## Data below
- Opening Delimiter -

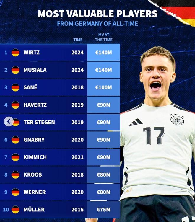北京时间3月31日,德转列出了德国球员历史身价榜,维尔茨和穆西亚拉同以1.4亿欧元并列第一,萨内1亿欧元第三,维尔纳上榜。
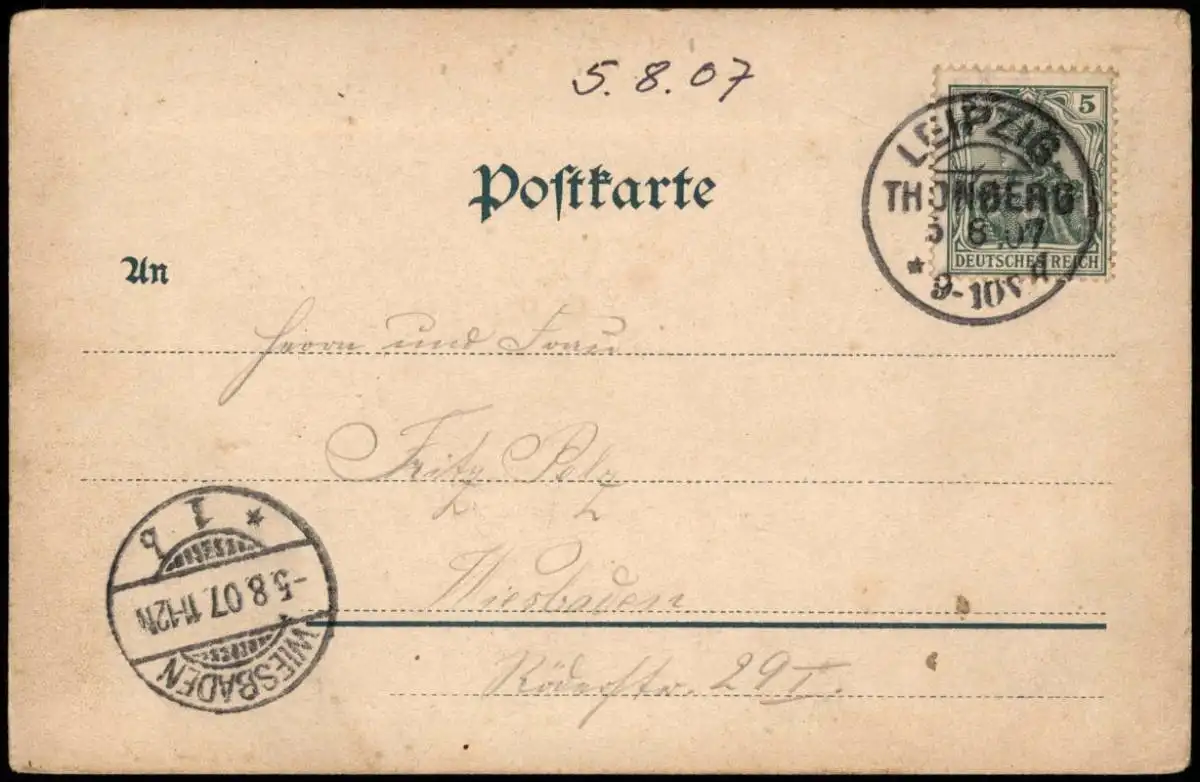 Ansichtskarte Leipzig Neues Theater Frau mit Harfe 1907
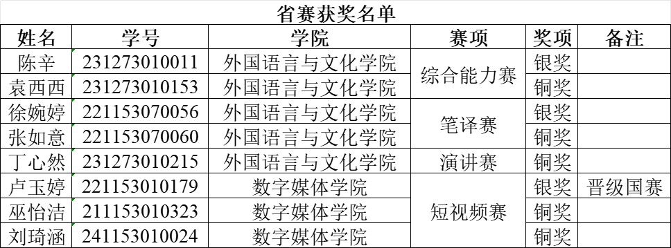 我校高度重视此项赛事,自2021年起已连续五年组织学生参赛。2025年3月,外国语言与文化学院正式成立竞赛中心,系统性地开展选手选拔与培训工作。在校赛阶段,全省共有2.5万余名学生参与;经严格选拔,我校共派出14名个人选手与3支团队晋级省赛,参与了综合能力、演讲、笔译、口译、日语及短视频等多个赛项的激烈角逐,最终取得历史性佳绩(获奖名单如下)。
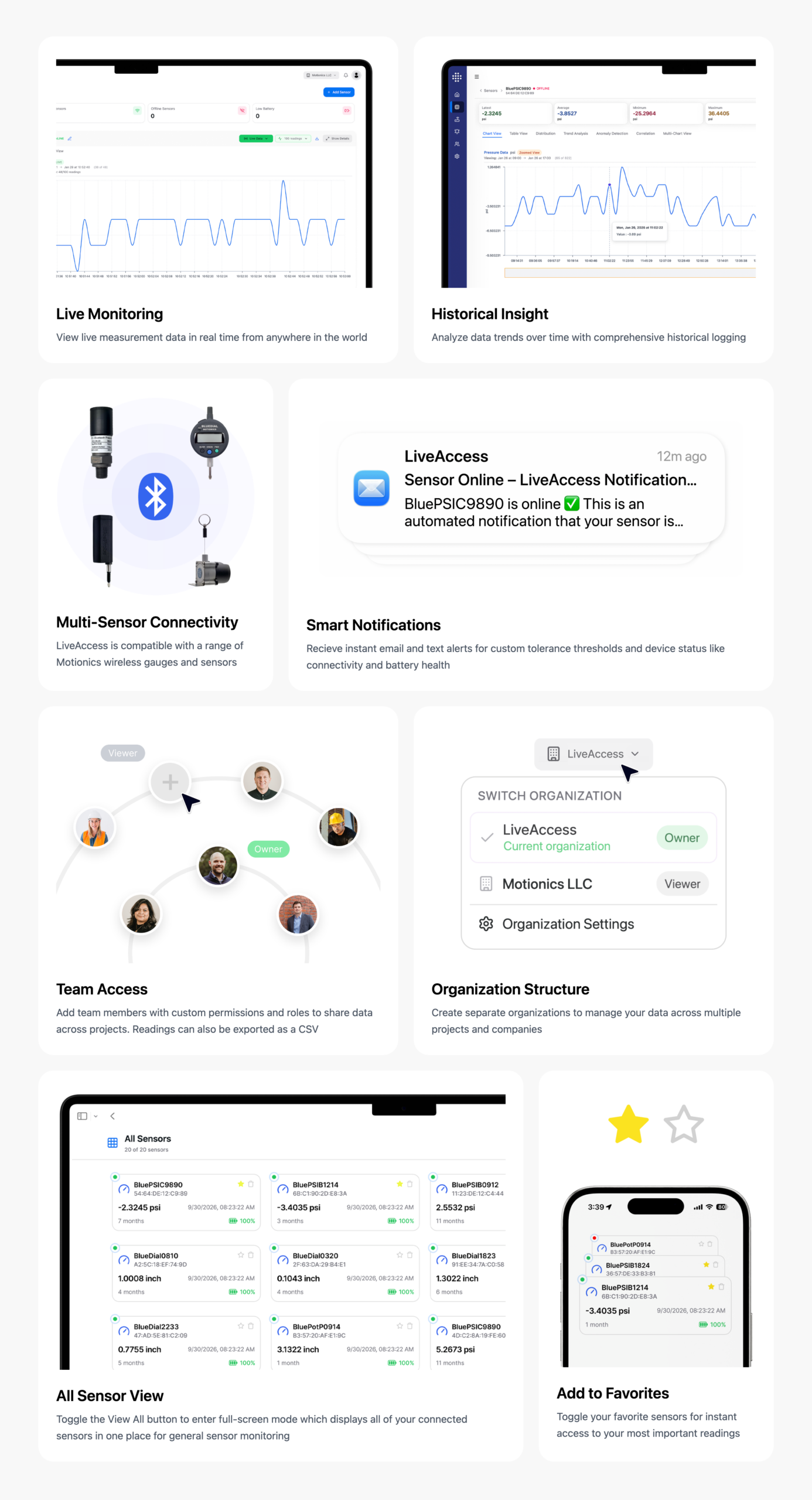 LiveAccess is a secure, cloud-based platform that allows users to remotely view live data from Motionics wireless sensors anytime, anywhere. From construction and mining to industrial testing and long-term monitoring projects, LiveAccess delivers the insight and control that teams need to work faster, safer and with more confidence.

- Closing Delimiter -

Write the data above out again exactly, every line of it, and exclude the pictures.

## Response for this exercise
北京时间3月31日,德转列出了德国球员历史身价榜,维尔茨和穆西亚拉同以1.4亿欧元并列第一,萨内1亿欧元第三,维尔纳上榜。
 Ansichtskarte Leipzig Neues Theater Frau mit Harfe 1907
 我校高度重视此项赛事,自2021年起已连续五年组织学生参赛。2025年3月,外国语言与文化学院正式成立竞赛中心,系统性地开展选手选拔与培训工作。在校赛阶段,全省共有2.5万余名学生参与;经严格选拔,我校共派出14名个人选手与3支团队晋级省赛,参与了综合能力、演讲、笔译、口译、日语及短视频等多个赛项的激烈角逐,最终取得历史性佳绩(获奖名单如下)。
 LiveAccess is a secure, cloud-based platform that allows users to remotely view live data from Motionics wireless sensors anytime, anywhere. From construction and mining to industrial testing and long-term monitoring projects, LiveAccess delivers the insight and control that teams need to work faster, safer and with more confidence.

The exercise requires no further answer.